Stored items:
----
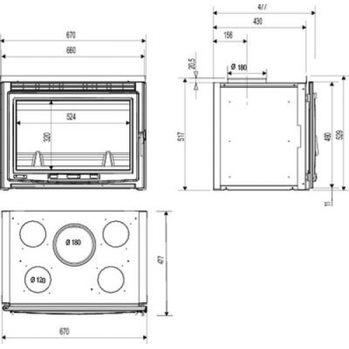Каминная топка-вставка FM 761 L. Боковое открывание дверцы.
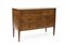 Comò in noce a tre cassetti interamente decorato con filettature. Quattro gambe
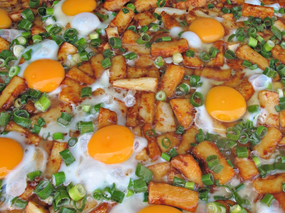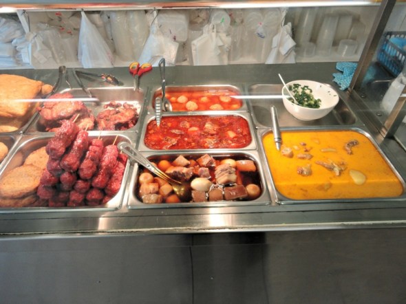 All I know is there’s a congee on the menu, some chicken dishes, too; and next to the banh mi ingredients are a beef stew and a dish of pork ribs and hardboiled eggs.
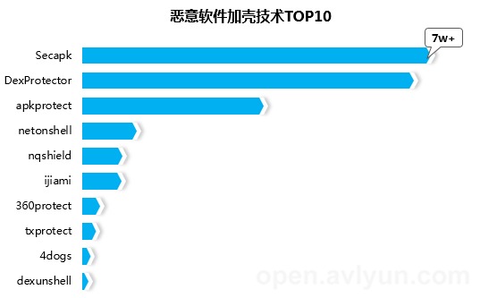 到目前为止,AVL移动安全团队共发现20余种Android应用加壳方案。图9中统计了被恶意软件使用最多的十大加壳方案。
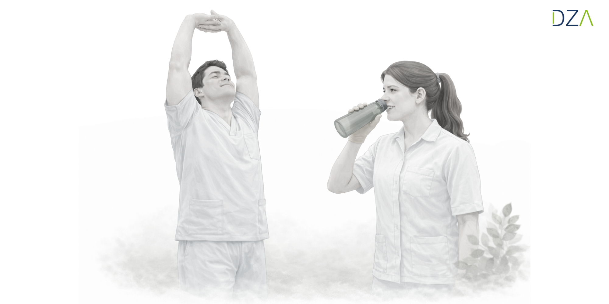 Pausen sind ein notwendiger Bestandteil der Arbeitsorganisation, denn nur ein erholter Körper arbeitet sicher und konzentriert. Nutzen Sie Pausen nicht nur zum Sitzen, sondern für kurze Bewegungs- oder Dehnübungen, frische Luft oder einen kleinen Spaziergang.
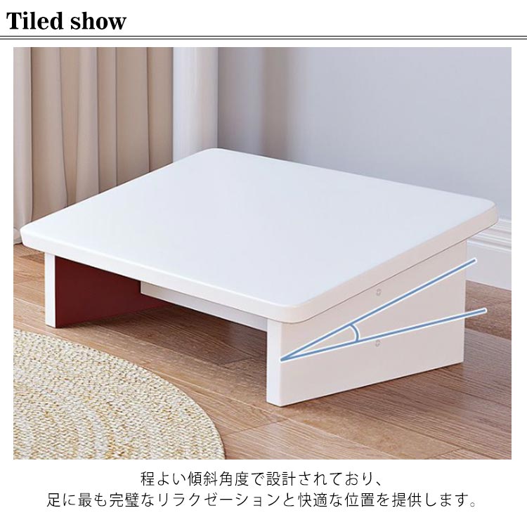 | 足下に置くだけでデスクワークを楽にするフットレストが新登場。 程よい傾斜角度で設計されており、足に最も完璧なリラクゼーションと快適な位置を提供します。 角丸加工済みなので、怪我をする心配がなく、安全性と強度を高めます。 とても頑丈な木材で作られており、地面にしっかりと立っていて、落ちても壊れにくいです。 リビングルームやオフィス、書屋などいろんな場所に適用しています。 | |
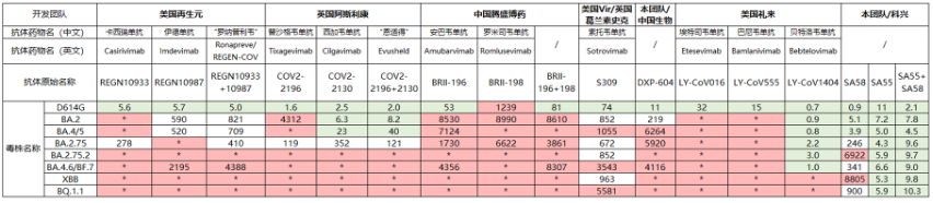 今年8月以來,上百種突變株在全球范圍內(nèi)同時出現(xiàn),且諸多突變株比BA.5更有增長優(yōu)勢,其中BQ.1和XBB兩個家族流行度最高。曹云龍及其團(tuán)隊(duì)發(fā)現(xiàn),近期流行的CH.1.1、BQ.1.1、BQ.1.1.10(BQ.1.18)和XBB顯示出更強(qiáng)的抗體逃逸能力。例如,接種疫苗后突破感染BA.5的患者,其康復(fù)一個月后的血漿雖然對于BA.5和BF.7的中和滴度較高(即防感染效果較好),但對于BQ.1.1.10(BQ.1.18)、XBB、CH.1.1等亞型的中和滴度很低,防感染作用較低。相關(guān)研究將近期在Nature6發(fā)表。
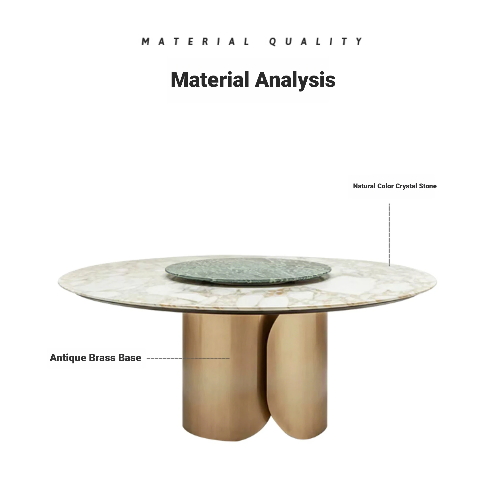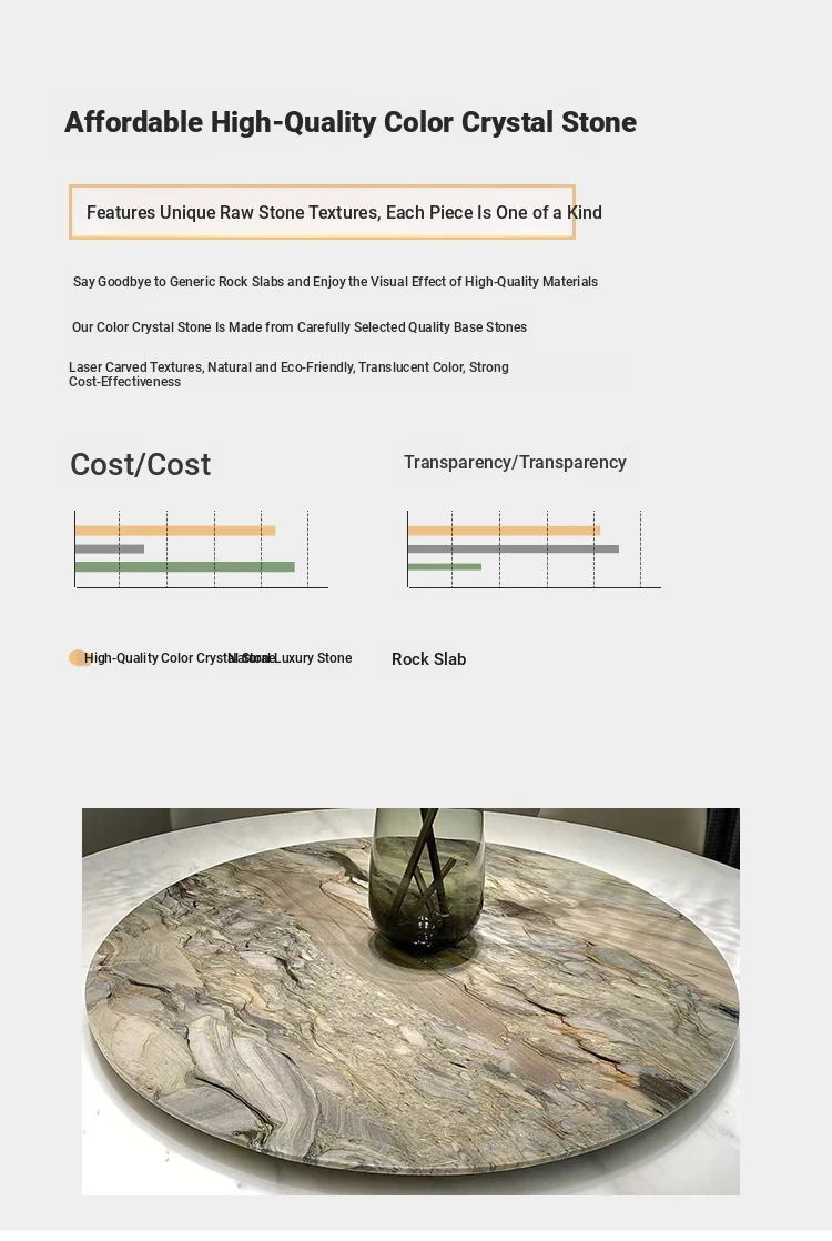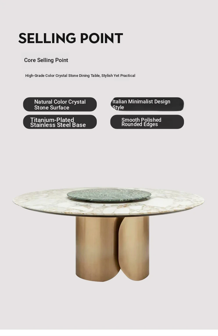 Luxury Natural Crystal Stone Round Dining Table and Chair Set for Small Spaces - Elegant High-End Marble Design for Upscale Living Rooms and Apartments
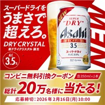 2026年2月16日(月)10時までのキャンペーン期間内に、特設ページにアクセスをした上で応募ボタンからアンケートに回答して動画を視聴して応募をすると、その場で抽選で200,000名に『アサヒスーパードライ ドライクリスタル 350ml缶 コンビニ無料引換券』が当たる、プレゼントキャンペーンとなっています。
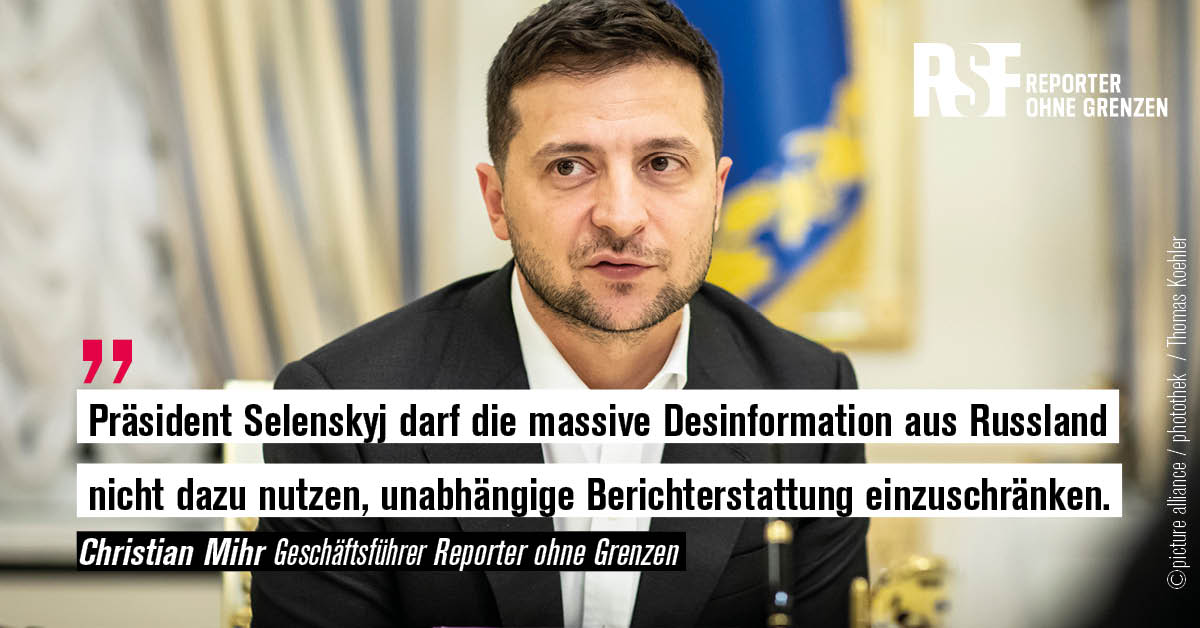 Was aber der Tatsache entspricht ist zum Beispiel das Selenskj fälschlicherweise prorussische Medien nicht frei arbeiten lässt.
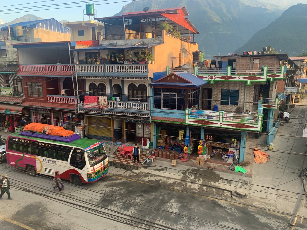 I left Kathmandu at 7am this morning and took a 7 hour bus to Besisahar. Despite being rocky along the way, it wasn’t half as bad as I had expected! We stopped once for a toilet (squat) break. I didn’t realise the luxury I was living in before now!! I also didn’t realise the bus that was fully occupied when we left, could fit another 5 people in along the way!
----
* _Exercise goal_
Return the lines exactly, from the one containing "Was aber der" through the last line above, including both ends and excluding every picture.

* _Solution for this problem_
 Was aber der Tatsache entspricht ist zum Beispiel das Selenskj fälschlicherweise prorussische Medien nicht frei arbeiten lässt.
 I left Kathmandu at 7am this morning and took a 7 hour bus to Besisahar. Despite being rocky along the way, it wasn’t half as bad as I had expected! We stopped once for a toilet (squat) break. I didn’t realise the luxury I was living in before now!! I also didn’t realise the bus that was fully occupied when we left, could fit another 5 people in along the way!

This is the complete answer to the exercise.